300

Mar 14, 2007 09:20


The elements I liked about 300 were sufficiently cool that I wanted to buy into the flick completely. Couldn’t quite get there, though. Part of the problem is structural; the climax occurs at the end of the first act. Mainly, though, I kept being tossed out of the movie by the excessive use of voice-over. I understand the desire to be faithful to ( Read more... )

cinema hut, comics

Leave a comment

Comments 28

sorceror March 14 2007, 14:14:26 UTC
Was the voiceover part of the original comic?

On another note, stolen from a comment by the_columbian:


... )

Reply

prodigal March 14 2007, 16:39:55 UTC
Yes, it was in captions on the page.

Reply


whisper_jeff March 14 2007, 14:15:57 UTC
Given that it was a dramatized pep talk from Dilios, don't you think it's important that we hear what he's telling the soldiers? If we just see the events unfold, it would come across as the actual events that happened rather than a reminder that what we are seeing is the tale told - it reminds us that it is a story from one soldier told to his compatriots.

Normally, I would agree that voiceovers of that degree are wrong on every level but, given the structure of the story, I think they make perfect sense.

Reply

robin_d_laws March 14 2007, 15:00:55 UTC
They are necessary but could have been pared way back, especially the ones describing the action.

Reply

whisper_jeff March 14 2007, 15:14:09 UTC
While I'm not advocating more voiceover (in the least...), I think it was important during the action to remind the viewer that the action being portrayed is still a story being told and thus is suspect.

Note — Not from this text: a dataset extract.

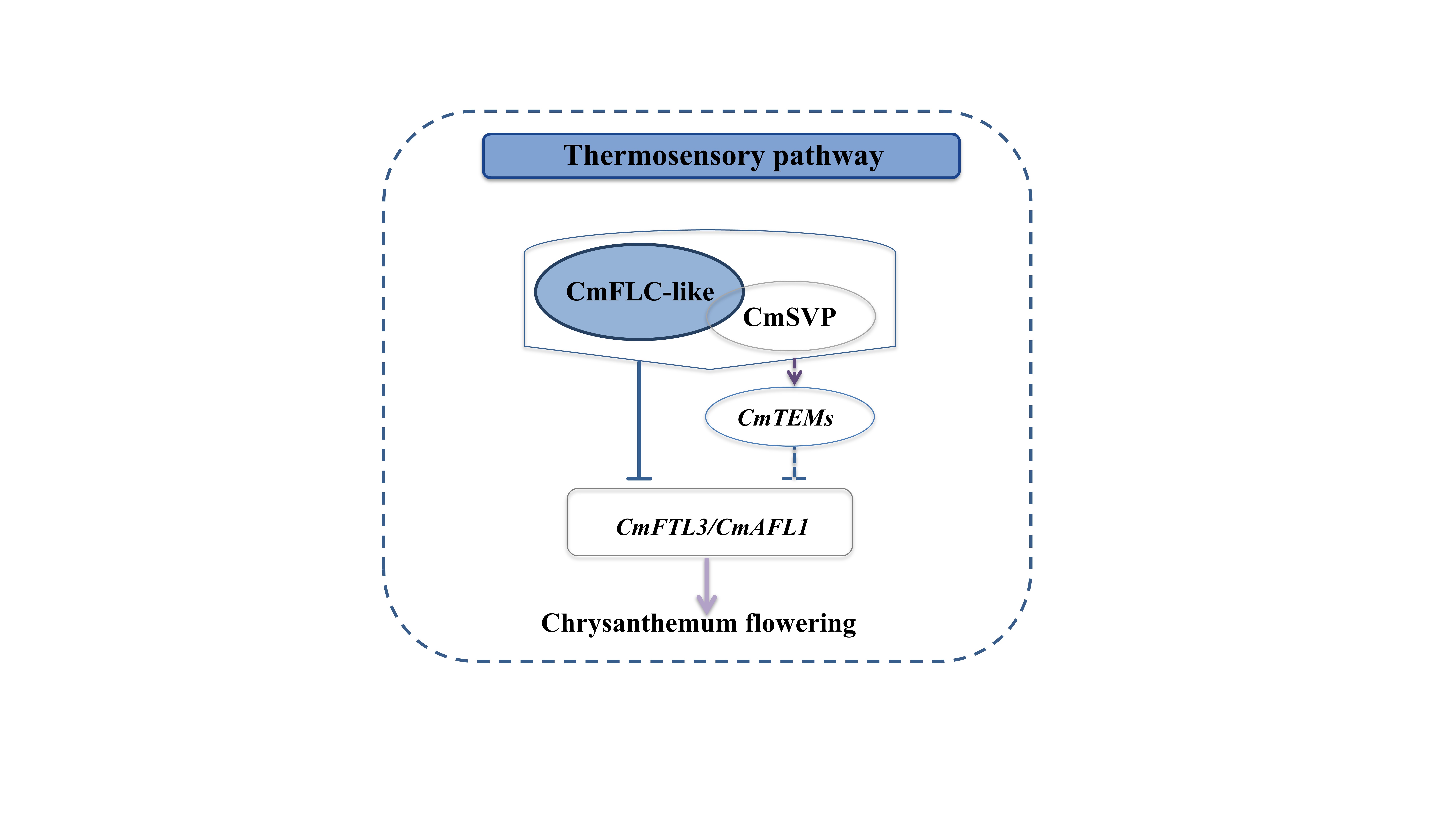此外,研究發(fā)現(xiàn)CmFLC-like與CmSVP互作,并且CmFLC-like部分依賴CmSVP抑制CmFTL3的表達(dá),介導(dǎo)菊花的成花轉(zhuǎn)變。綜上所述,該研究揭示了CmFLC-like介導(dǎo)溫敏路徑抑制開花的分子機(jī)制(圖2),研究結(jié)果為深入理解低溫調(diào)控菊花開花提供了新的認(rèn)知。
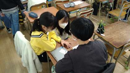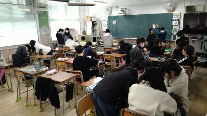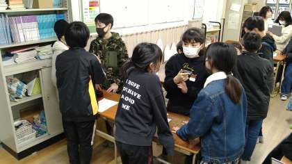 グループごとの出し物の相談(話し合い)をしています。思い出に残る茶話会になるようにしっかりと話し合っています。

It certainly didn't bother me as much as you but I do agree that a bit less voiceover could have accomplished the same task without being quite as intrusive.

Reply


drivingblind March 14 2007, 14:21:57 UTC
It wasn't the voiceover that took me out of it -- it was the excessive use of slow-mo.

Reply

wordwill March 14 2007, 14:51:54 UTC
As a guy who normally bad-mouths slo-mo (hey, do you know what yanked me out of every [i]Lord of the Rings[/i] movie by one of the cheesiest directors working today?), in 300 I think it's used brilliantly, not only to demonstrate the clarity the Spartans have in battle -- slo-mo for clarity, bursts of full-speed for chaos -- but the side-angle full-body shots coupled with the slo-mo create this great sense of old Greek dramatic registers. Imagine these actors rendered in orange inks on a black background, old school. The ability for these guys to not only perform this action, but to arrive at these precise and idealized poses along the way, is worth showing off in slo-mo. In fact, it's the only way to show it off, really.

-w

Reply

drivingblind March 14 2007, 14:54:03 UTC
I hear what you're saying, but for me, in 300, the slow motion said to me "Okay, now we're going to look at another still shot because the director has a huge crush on the graphic novel format but he got stuck doing a movie instead, and the movie has this annoying tendency to be full of things that MOVE".

Reply

wordwill March 14 2007, 15:10:38 UTC
You think Zach Snyder went out of his way to be responsible for $60 million in studio money on a movie when what he really wanted to do was a sequel to the graphic novel?

Reply


sadrx March 14 2007, 16:44:48 UTC
In giving a one-word review of the film on an LJ community, I chose "false-reality," mostly for what you've pointed out here.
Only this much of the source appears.